▸ SOURCE MATERIAL
Start of Block
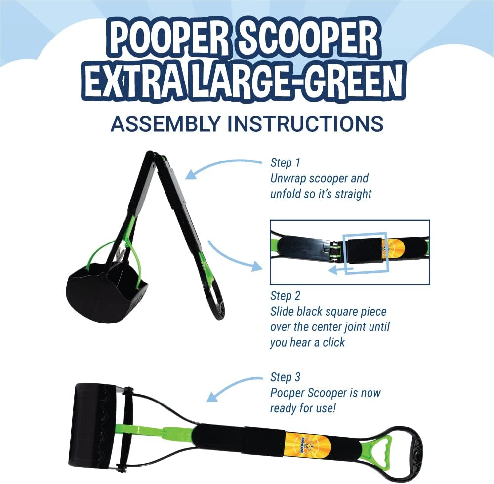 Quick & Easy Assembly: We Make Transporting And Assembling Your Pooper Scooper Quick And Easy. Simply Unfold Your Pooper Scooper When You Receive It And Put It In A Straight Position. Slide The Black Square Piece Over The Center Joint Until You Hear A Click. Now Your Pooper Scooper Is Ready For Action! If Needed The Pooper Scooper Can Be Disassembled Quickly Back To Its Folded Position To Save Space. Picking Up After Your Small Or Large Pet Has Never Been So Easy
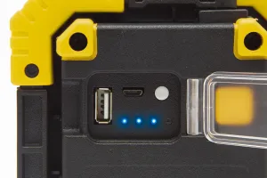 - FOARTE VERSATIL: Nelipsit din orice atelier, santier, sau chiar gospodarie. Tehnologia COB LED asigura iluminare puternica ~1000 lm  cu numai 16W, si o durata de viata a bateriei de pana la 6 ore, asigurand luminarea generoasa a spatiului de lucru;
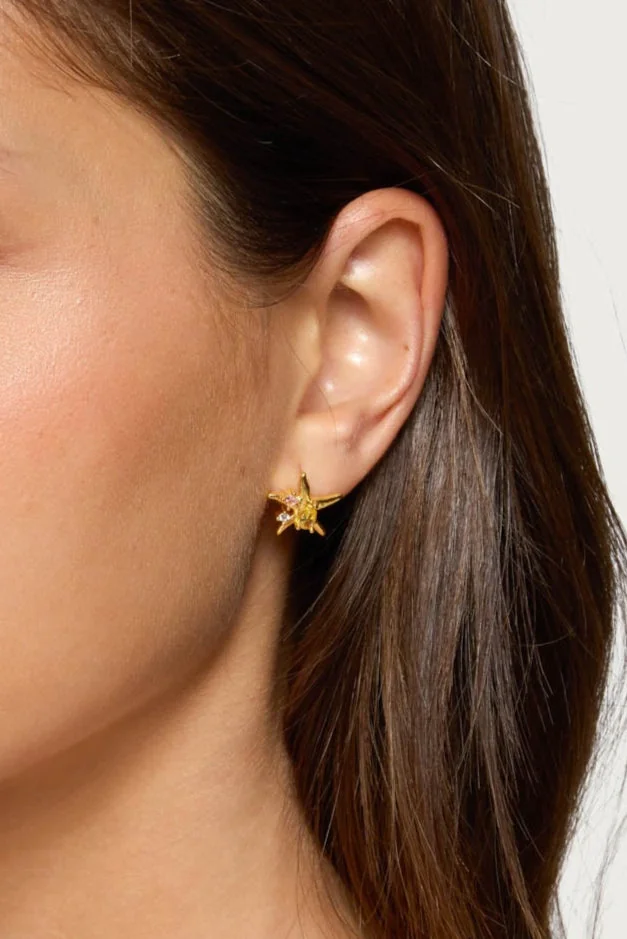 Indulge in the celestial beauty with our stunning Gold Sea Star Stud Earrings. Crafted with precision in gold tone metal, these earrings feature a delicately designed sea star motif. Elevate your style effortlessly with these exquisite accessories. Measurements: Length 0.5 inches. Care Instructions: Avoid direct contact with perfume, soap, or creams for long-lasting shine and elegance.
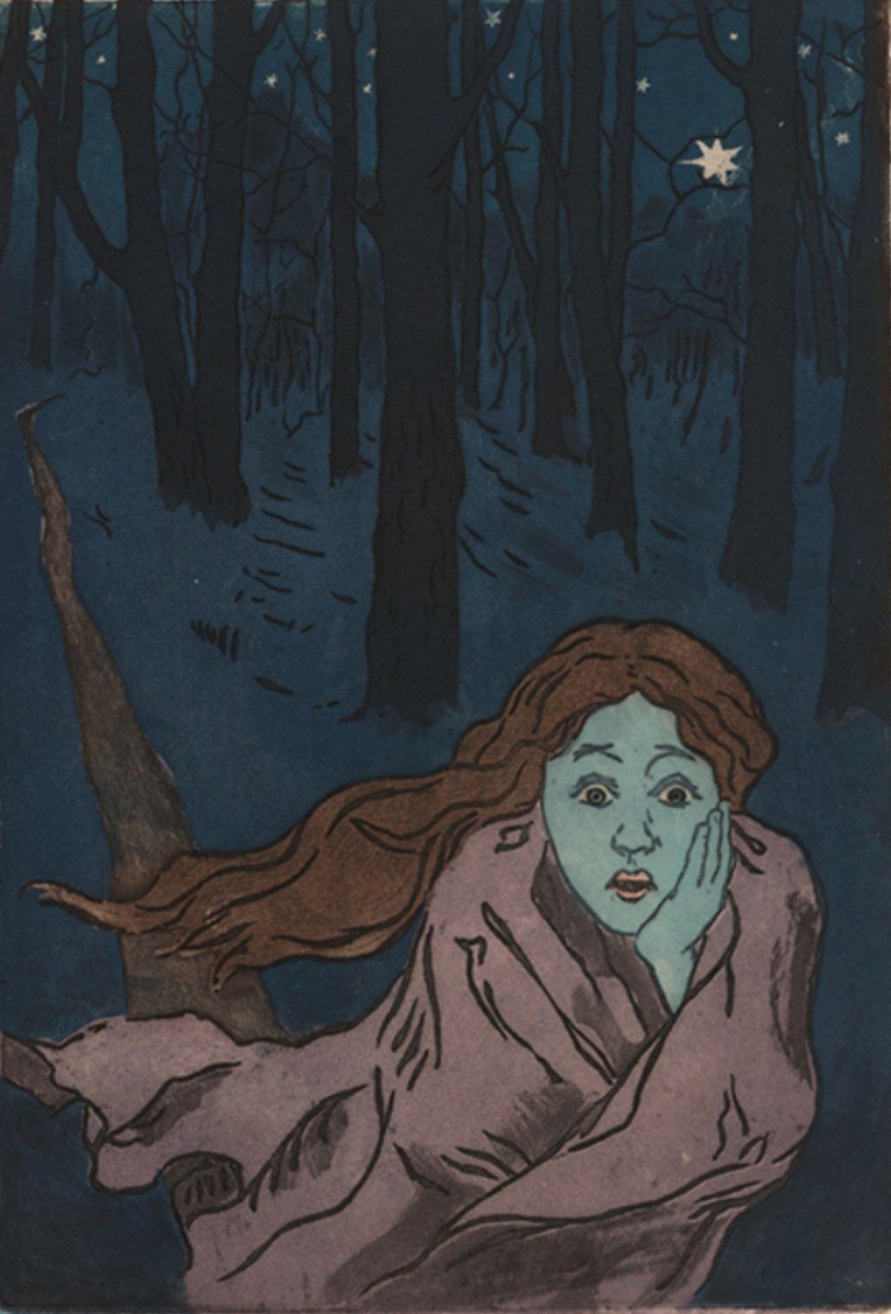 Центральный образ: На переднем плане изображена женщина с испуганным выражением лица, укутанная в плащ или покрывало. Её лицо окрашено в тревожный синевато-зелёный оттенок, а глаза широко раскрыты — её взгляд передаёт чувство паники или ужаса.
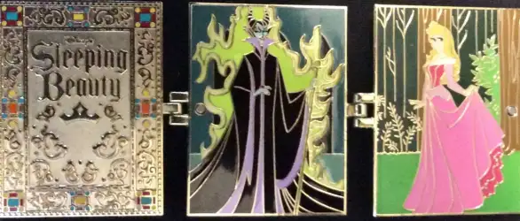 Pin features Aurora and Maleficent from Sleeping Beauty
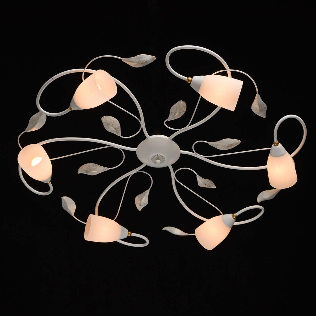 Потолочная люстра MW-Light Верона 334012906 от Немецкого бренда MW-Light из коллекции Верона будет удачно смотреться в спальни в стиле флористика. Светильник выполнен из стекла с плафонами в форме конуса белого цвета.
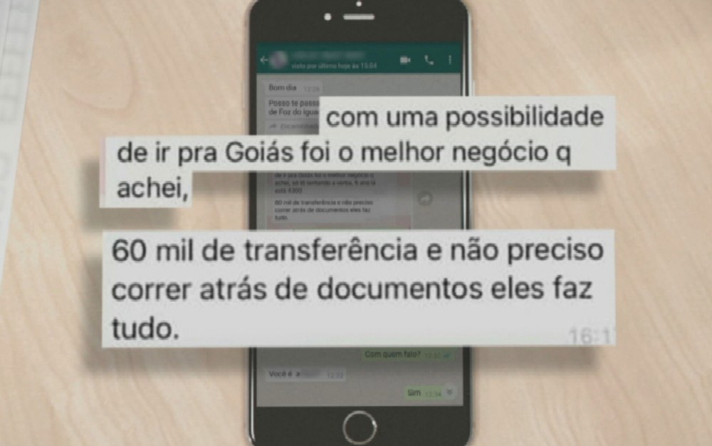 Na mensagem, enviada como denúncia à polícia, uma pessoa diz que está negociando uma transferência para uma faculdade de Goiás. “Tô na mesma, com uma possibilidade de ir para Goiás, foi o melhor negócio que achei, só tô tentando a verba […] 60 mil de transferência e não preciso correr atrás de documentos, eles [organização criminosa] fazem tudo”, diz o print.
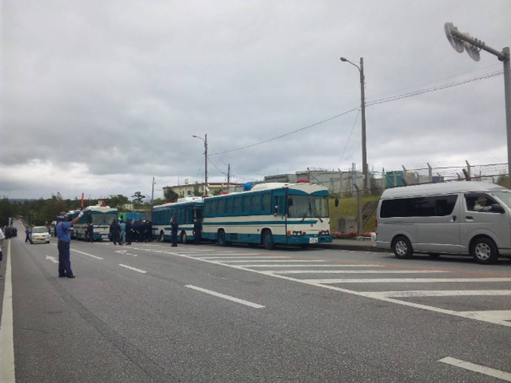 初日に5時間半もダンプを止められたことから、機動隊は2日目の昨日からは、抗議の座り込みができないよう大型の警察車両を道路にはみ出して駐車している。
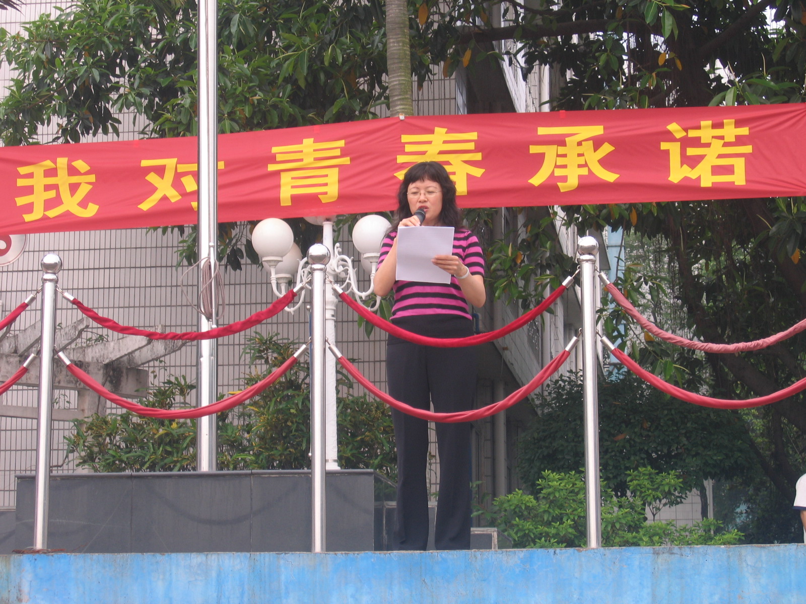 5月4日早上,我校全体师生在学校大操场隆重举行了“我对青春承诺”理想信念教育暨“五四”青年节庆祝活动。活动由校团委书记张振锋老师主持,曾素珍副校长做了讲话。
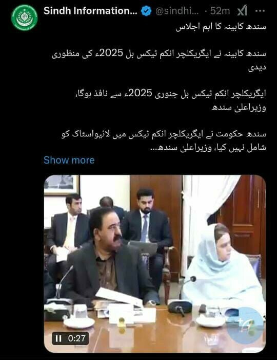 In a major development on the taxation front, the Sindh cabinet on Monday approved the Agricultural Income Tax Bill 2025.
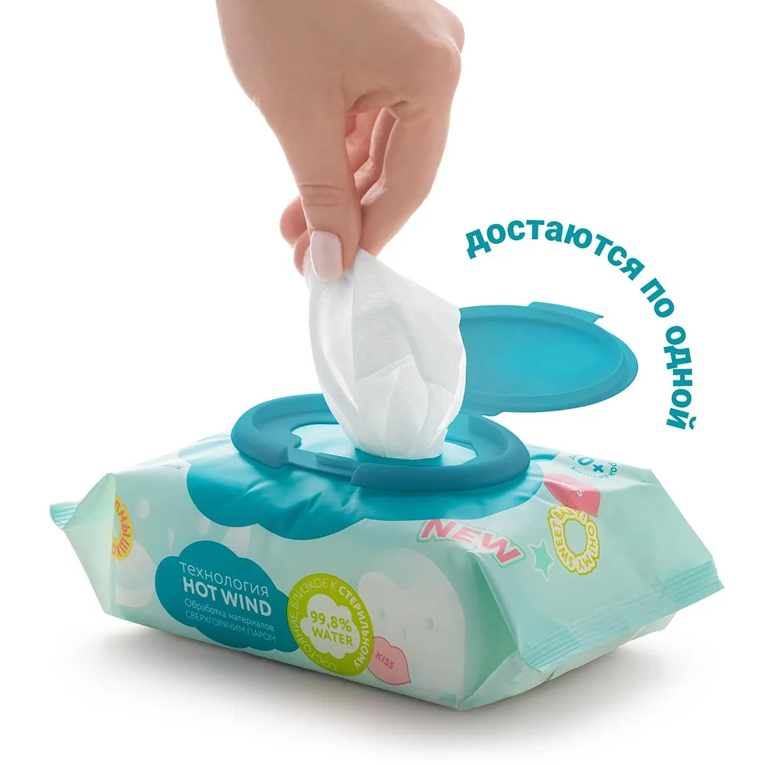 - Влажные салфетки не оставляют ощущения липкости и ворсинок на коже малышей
End of Block
▸ WORK TASK
Exactly the lines from the top of the listing through the line holding "- FOARTE VERSATIL: Nelipsit" should be repeated, with pictures left out.

▸ EXERCISE RESULT
 Quick & Easy Assembly: We Make Transporting And Assembling Your Pooper Scooper Quick And Easy. Simply Unfold Your Pooper Scooper When You Receive It And Put It In A Straight Position. Slide The Black Square Piece Over The Center Joint Until You Hear A Click. Now Your Pooper Scooper Is Ready For Action! If Needed The Pooper Scooper Can Be Disassembled Quickly Back To Its Folded Position To Save Space. Picking Up After Your Small Or Large Pet Has Never Been So Easy
 - FOARTE VERSATIL: Nelipsit din orice atelier, santier, sau chiar gospodarie. Tehnologia COB LED asigura iluminare puternica ~1000 lm  cu numai 16W, si o durata de viata a bateriei de pana la 6 ore, asigurand luminarea generoasa a spatiului de lucru;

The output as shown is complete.